Segment Start: Material shown

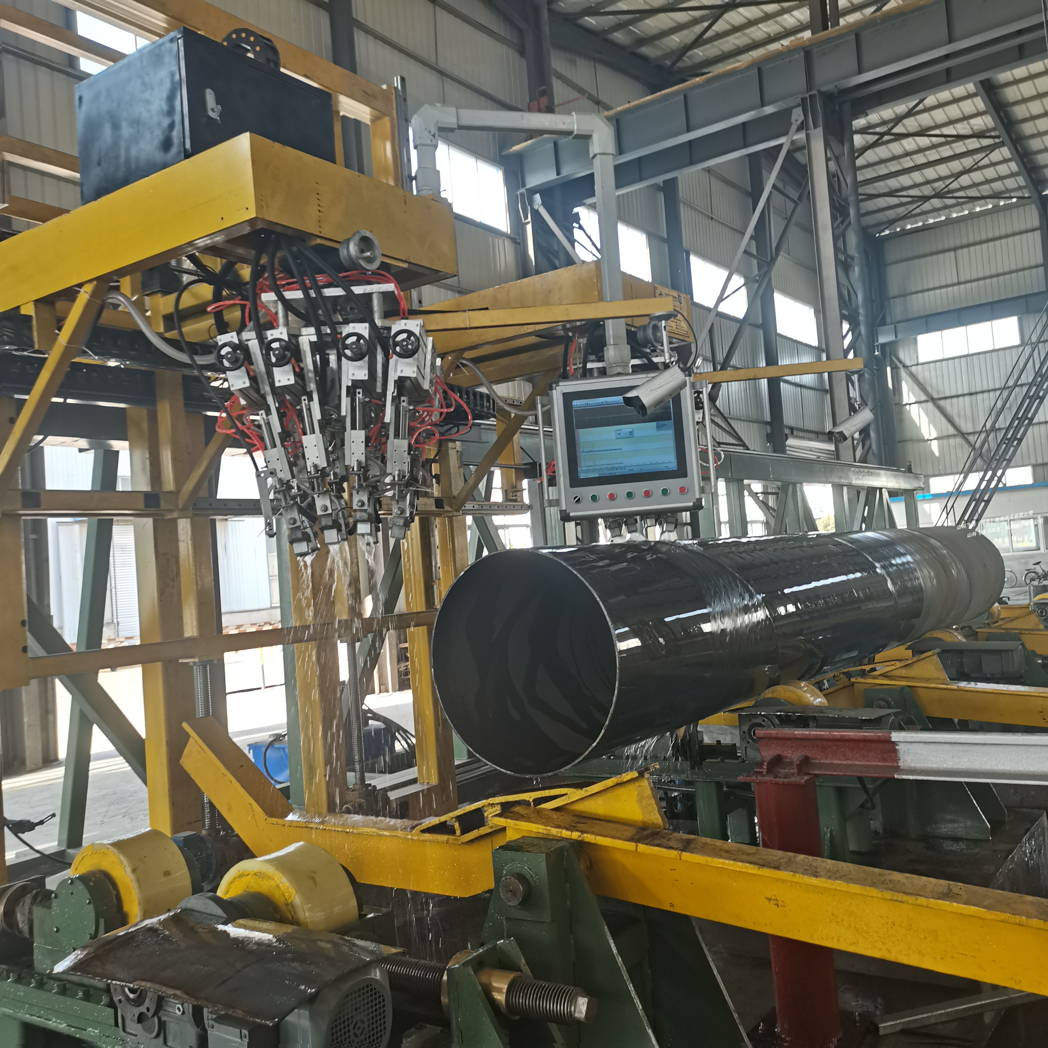 螺旋焊管項目工程的需要,我單位與山東省科學(xué)院激光研究所共同為項目配套制造一套鋼管超聲探傷設(shè)備,該設(shè)備是我單位研制生產(chǎn)系列自動探傷設(shè)備的一種,將用于螺旋焊管焊縫及全管體的缺陷檢測。
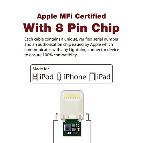APPLE CERTIFIED - Each cable comes with authorization chip issued by Apple to ensure 100% compatibility with all Lightning devices. NO MORE incompatible error messages.
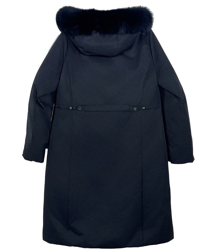 Feature:Long warm slim-fit coat with faux rabbit fur hood
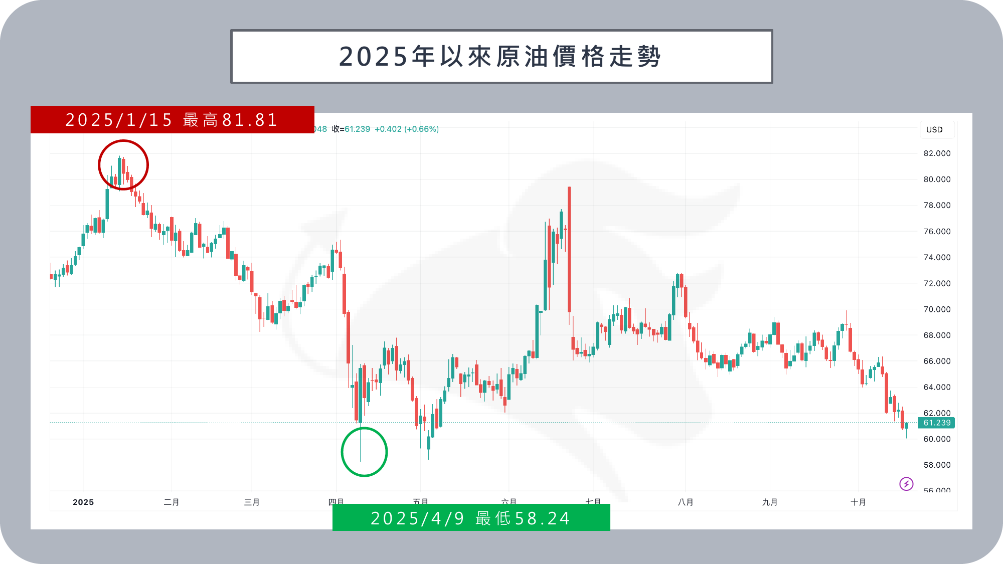 市場對美俄再度展開高層對話反應強烈。10/16 國際油價下跌逾 1%,創下近五個月低點;10/17 續跌約 3%,反映俄烏停火希望升溫及國際能源署 IEA 預測明年油市將出現供過於求。外界普遍認為,若布達佩斯會談確定舉行,將象徵川普推動「實質停火」的外交轉向。
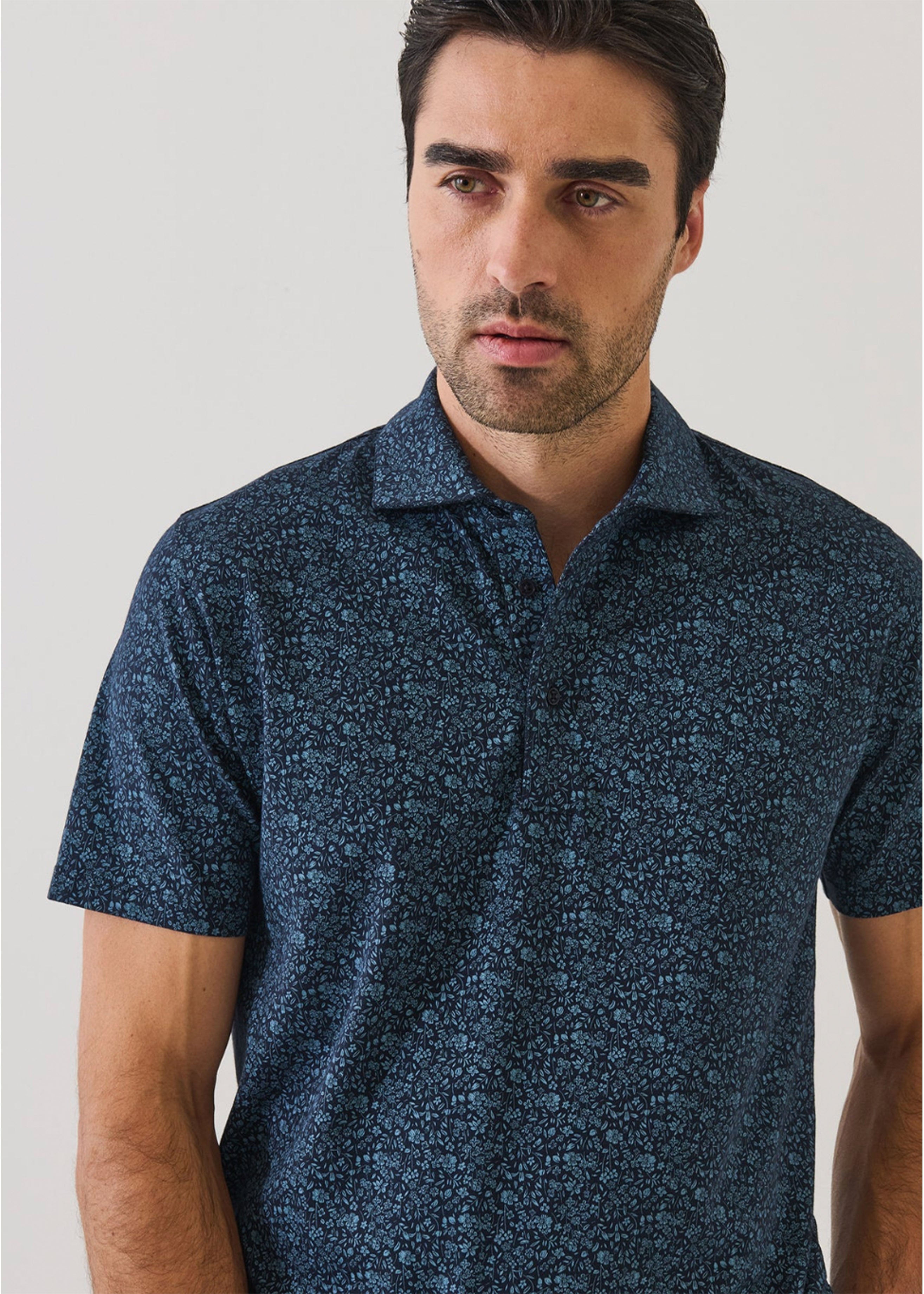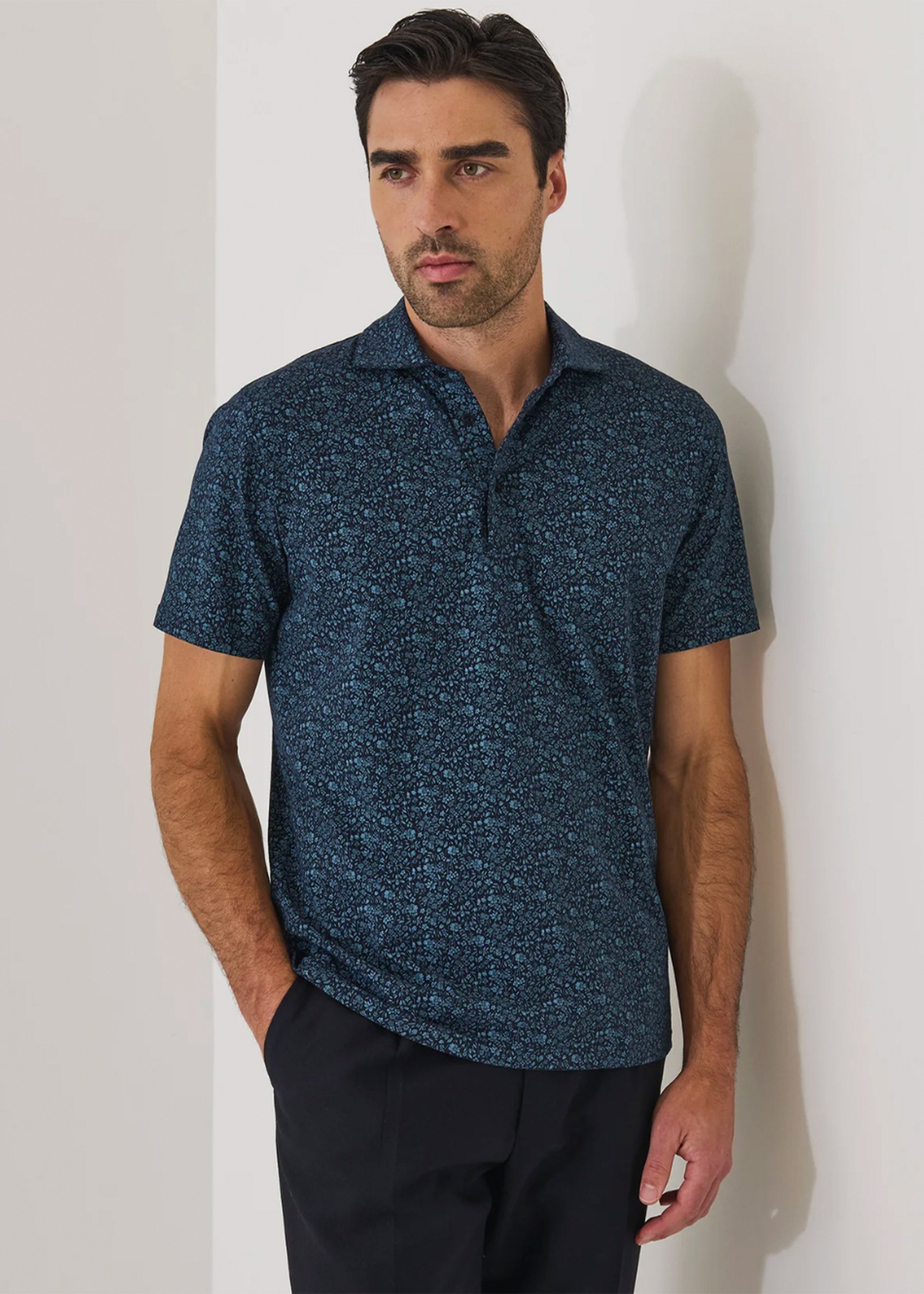 Patrick Assaraf Short Sleeve Mini Floral Print Polo | Haze

Segment End: Material shown

** Your goal **
Could the data above be returned in full, exactly, with every image left out?

** Answer for the task **
 螺旋焊管項目工程的需要,我單位與山東省科學(xué)院激光研究所共同為項目配套制造一套鋼管超聲探傷設(shè)備,該設(shè)備是我單位研制生產(chǎn)系列自動探傷設(shè)備的一種,將用于螺旋焊管焊縫及全管體的缺陷檢測。
APPLE CERTIFIED - Each cable comes with authorization chip issued by Apple to ensure 100% compatibility with all Lightning devices. NO MORE incompatible error messages.
 Feature:Long warm slim-fit coat with faux rabbit fur hood
 市場對美俄再度展開高層對話反應強烈。10/16 國際油價下跌逾 1%,創下近五個月低點;10/17 續跌約 3%,反映俄烏停火希望升溫及國際能源署 IEA 預測明年油市將出現供過於求。外界普遍認為,若布達佩斯會談確定舉行,將象徵川普推動「實質停火」的外交轉向。
 Patrick Assaraf Short Sleeve Mini Floral Print Polo | Haze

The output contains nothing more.